Multi-task Support: Handle multiple inpainting scenarios in a single pipeline
Batch Processing: Process multiple images efficiently
Quality Metrics: Built-in evaluation metrics (SSIM, LPIPS, FID, CLIP similarity)
Debug Visualization: Save intermediate steps for debugging and analysis
GPU Acceleration: CUDA support for fast inference

Installation

Requirements

Python 3.8+
CUDA 11.0+ (for GPU acceleration)
PyTorch 1.9+

Dependencies

pip install torch torchvision
pip install diffusers transformers
pip install opencv-python pillow numpy scipy
pip install tqdm

# Optional metrics dependencies
pip install lpips scikit-image

Model Downloads

The pipeline requires the following pre-trained models:

Grounding DINO weights
SAM (Segment Anything Model) checkpoint
Stable Diffusion Inpainting model (automatically downloaded via HuggingFace)

Usage

Basic Inpainting Pipeline

from img_base3-c import ModelBundle

# Initialize models
bundle = ModelBundle(
    groundingdino_cfg="path/to/GroundingDINO_SwinB_cfg.py",
    groundingdino_ckpt="path/to/groundingdino_swinb_cogvoi.pth",
    sam_ckpt="path/to/sam_vit_h_4b8939.pth",
    sd_inpaint_repo="stabilityai/stable-diffusion-2-inpainting"
)

# Process image
image = Image.open("input_image.jpg")
prompt = "upper body wearing a white dress shirt and a navy blazer"
result = bundle.inpaint(image, prompt)

Batch Processing

Run the batch inpainting script for multiple images:

python img_base3-c.py

Evaluation and Metrics

Evaluate results using multiple quality metrics:

python inference_GSAM_c-multi.py

Supported Tasks

Task	Description	Prompt Example
`upper_to_formal`	Transform upper body to formal wear	"upper body wearing a white dress shirt and a navy blazer"
`lower_to_casual`	Transform lower body to casual wear	"lower body wearing blue denim jeans and white canvas sneakers"
`remove_helmet`	Remove helmet from image	"no helmet"
`uniform_navy`	Apply navy uniform	"wearing navy uniform"

Evaluation Metrics

The pipeline includes several quality metrics:

SSIM: Structural Similarity Index
LPIPS: Learned Perceptual Image Patch Similarity
FID: Fréchet Inception Distance
CLIP Score: Semantic alignment with text prompt

(Main metric is FID in paper.

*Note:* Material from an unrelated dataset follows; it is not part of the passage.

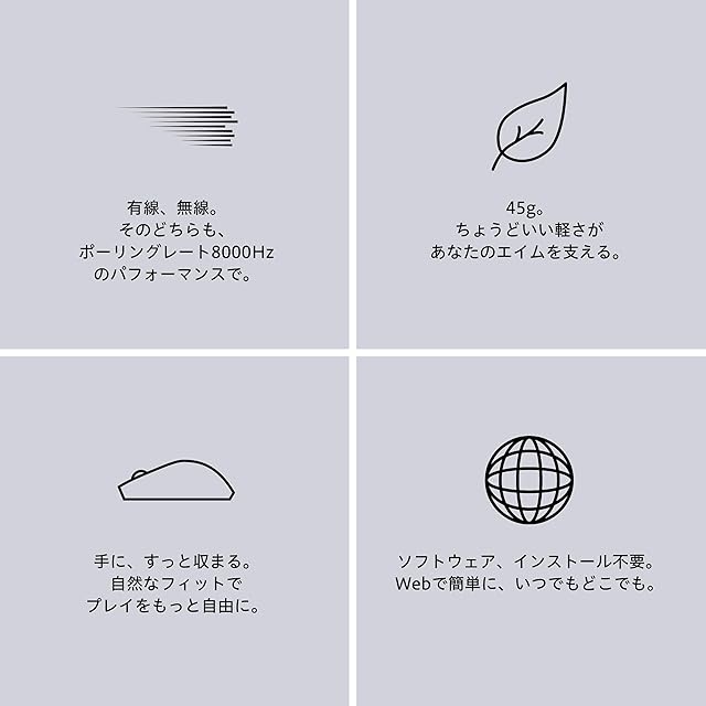 【美しさを研ぎ澄ます、志向のスペック】わずか45gの超軽量設計と8,000Hzの高速レスポンスが、まるでマウスと手が一体化したような操作感を生み出す。センサーにはPAW3395を採用し、1秒間に8,000回のデータ更新で、わずかなブレも正確に反映。

Other Metrics are etc.)

Dataset

The experiment dataset is available at:

Google Drive Link

Download the dataset and extract it to your working directory to use with the pipeline.

Publication

If you use this work in your research, please cite:

@article{Augmenting_Construction_Safety_Datasets_2025,
  title={Augmenting Construction Safety Datasets with Training-Free Diffusion Based PPE Editing},
  journal={Journal of Korean Information and Communications Society (J-KICS)},
  year={2025, published at 2026}
}

This work demonstrates the application of our GSAM-SD inpainting pipeline for augmenting construction safety datasets through intelligent PPE (Personal Protective Equipment) editing.

Output Structure

Results are organized by task in separate output directories:

Each task creates a corresponding out_<task_name>/ directory
Images are saved with task-specific suffixes (e.g., _upper_to_formal)
Debug visualizations show detection boxes and segmentation masks

Performance Notes

GPU memory: ~12-16GB recommended for batch processing
Inference time: ~5-10 seconds per image depending on resolution
Model sizes: ~2.5GB total for all models

References

License

This project combines multiple models with different licenses. Please review the individual licenses:

Model Licenses

Model	License	Details
Grounding DINO	Apache 2.0	Open-source license, suitable for commercial and research use
Segment Anything Model (SAM)	Apache 2.0	Open-source license, developed by Meta AI
Stable Diffusion 2	OpenRAIL-M	Responsible AI License that permits research and commercial use with certain restrictions

Important Notes

Grounding DINO (Apache 2.0): Can be freely used for both commercial and non-commercial purposes with proper attribution.
SAM (Apache 2.0): Licensed under Apache 2.0, permitting use in academic and commercial projects. The dataset (SA-1B) is available under its own research license.
Stable Diffusion 2 (OpenRAIL-M): This model includes use restrictions to prevent misuse. Users must comply with the OpenRAIL-M license terms, which prohibit using the model for generating harmful content including illegal activities, deception, and hate speech.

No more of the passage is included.